Not that technology should be ignored. But when a nifty new courtroom is built and equipped with tiny counsel tables, or the old counsel tables in an old courtroom are shoved aside in favor of a giant screen, things are going wrong.

That's true as well for churches but if anything the presentations of this sort of technology are much worse.  I've been to Masses where the pastor thought, for some reason, that a gospel that was originally designed to be a letter read to a congregation by a Priest is accompanied by an illustration or set of illustrations put up on a screen that look like they were drawn for children's books in the 1950s.  Not good.  If the original audience, which no doubt included the illiterate, was able to grasp what are sometimes extremely deep theological points by having the letter read to them, a modern audience with nearly 100% literacy sure can.  Diverting attention with bad illustrations, or photographs of sunrises, isn't going to serve to get the message across. The projection screen, however, will serve to detract from the appearance of the church.

Indeed, if a person really wanted to have illustrations that were tired to the message of the Gospels it would like cause a lot of people in the pews to gasp, which is why it won't be done.  Consider, for example, St. Paul's letter to the Corinthians:
Do you not realise that people who do evil will never inherit the kingdom of God? Make no mistake -- the sexually immoral, idolaters, adulterers, the self-indulgent, sodomites,
thieves, misers, drunkards, slanderers and swindlers, none of these will inherit the kingdom of God.*
This could in fact be effectively illustrated, and it wouldn't have to be with pastel cartoon like prints recalling the 50s.  It'd be easy to do it with modern photographs or even snippets from popular televisions shows, and really drive a point home.  Followed, quite soon, with by protests. Shoot, you could illustrate this just through slides of Friends, The Big Bang Theory, Sex In The City, Vanderpump Rules or Below Deck.  Pretty much any modern popular media, or even snippets of the trendy in the news, would do.
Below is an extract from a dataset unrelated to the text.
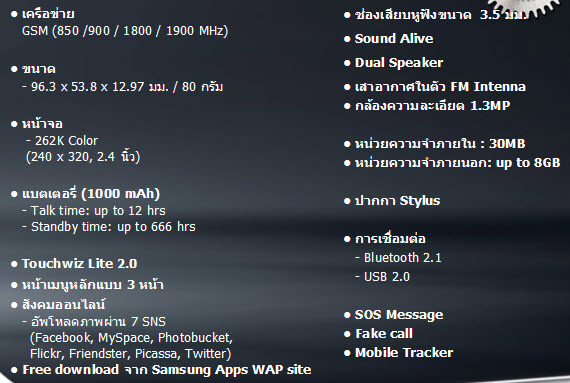 คุณสมบัติ ข้อมูลผลิตภัณท์

Now, having said this, it should not be taken to mean that every church or courthouse or older building of any type must remain exactly the way it was.  Far from it.  For one thing, heating and cooling have enormously improved and, given that I work in an old office building (vintage 1917) and I can attest that old heating, in particular, is bad.  Updating heating is good.  The same is true, I'd note, for cooling.  Modern appliances, wiring for the internet, etc., are all well worth doing and indeed  are modern necessities.  Modern windows are so far superior to old ones it isn't funny.

But things that impact the architecture itself?

Well, proceed with caution.


*Not surprisingly there are various translations of St. Pauls letter to the Corinthians, all of which are upsetting to various modern people.  This is so much the case that one local Univeralist minister dismisses St. Paul's letters as just his opinions, which pretty much dismisses the concept of divinely inspired text entirely in favor of . . .well whatever you like.